The productivity literature has measured the attractor's lift on the low end of bounded tasks. It has not measured, and cannot measure with its current instruments, what happens when skilled operators work above the target on open-ended, long-horizon, cross-domain, agentic problems. That is where the actual frontier of AI-assisted work is, and it is the region nobody has looked at.
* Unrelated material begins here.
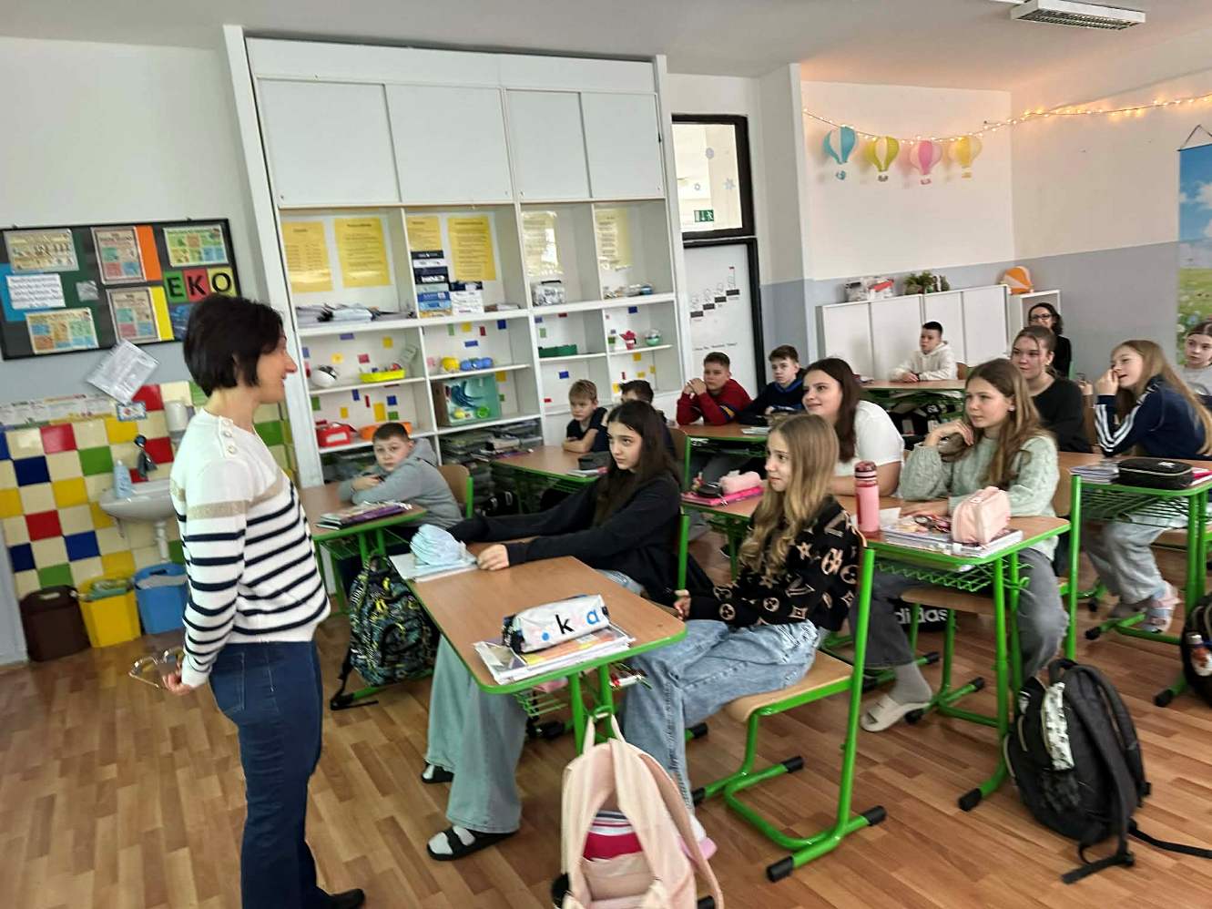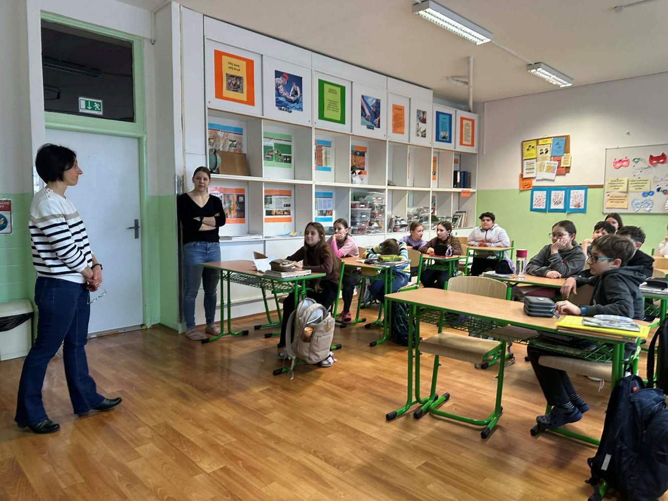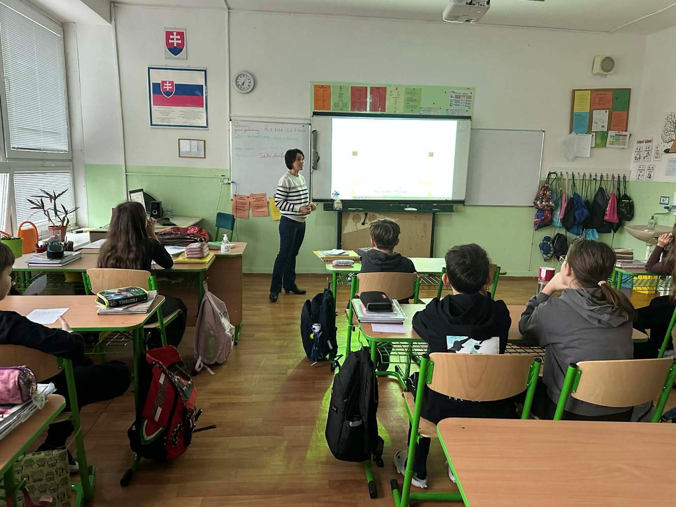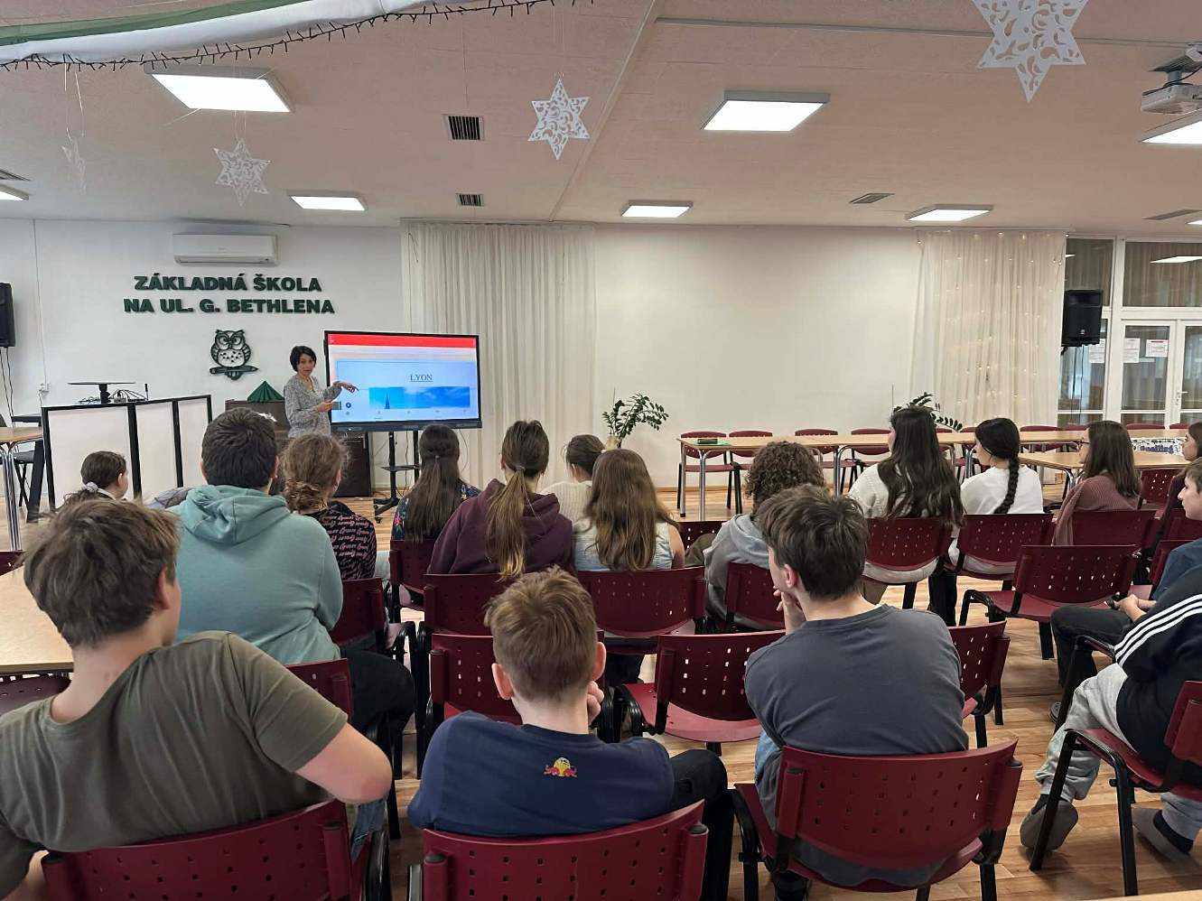 Svoj program začala u piatakov, ktorí jej porozprávali o našom meste a našej krajine. Potom sa naši žiaci dozvedeli veľa nových informácií o Francúzsku, o jeho kultúre, školskom systéme. Po krátkej prezentácii si žiaci precvičili komunikačné zručnosti v praxi. V 3. ročníku sa vyučovanie nieslo v hravej atmosfére – prostredníctvom piesní, básničiek a hier. Nové informácie a diskusie striedali hry a pohyb aj vo vyšších ročníkoch. Šiestaci sa rozhýbali pri behacom diktáte, preverili svoje vedomosti na Kahoote, siedmaci si pripravili detektívnu hodinu a po práci s tabletmi si zasúťažili na Kahoote. Zaujímavým prvkom programu bola aj konverzačná hodina v 9. ročníku, ktorá prebiehala v soľnej jaskyni a v spolupráci so špeciálnou pedagogičkou aj návšteva terapeutickej miestnosti Snoezelen.

If the past two years of research have been about discovering the attractor's lift, the next phase will be about discovering its drag. More importantly, it will be about finding the regimes where skilled operators can route work around the attractor rather than through it. Those regimes exist. They are not yet named in the literature. They will be.
Sources and method. This essay cites Becker et al. (METR, 2025), Brynjolfsson, Li, and Raymond (2023/2025), Dell'Acqua et al. (2023/2026), Noy and Zhang (2023), Cui et al. (2025), Cruces et al. (2026), Otis et al. (2024), Doshi and Hauser (2024), Anderson, Shah, and Kreminski (2024), Moon, Green, and Kushlev (2025), Agarwal, Naaman, and Vashistha (2025), Inoshita et al. (2026), Kirk et al. (ICLR 2024), and Ashkinaze et al. (CHI 2025). The attractor framing is adapted from Inoshita et al.'s "target-level attractor" language. The unification of compression and homogenization under one mechanism is not, as of this writing, a canonical claim in the literature.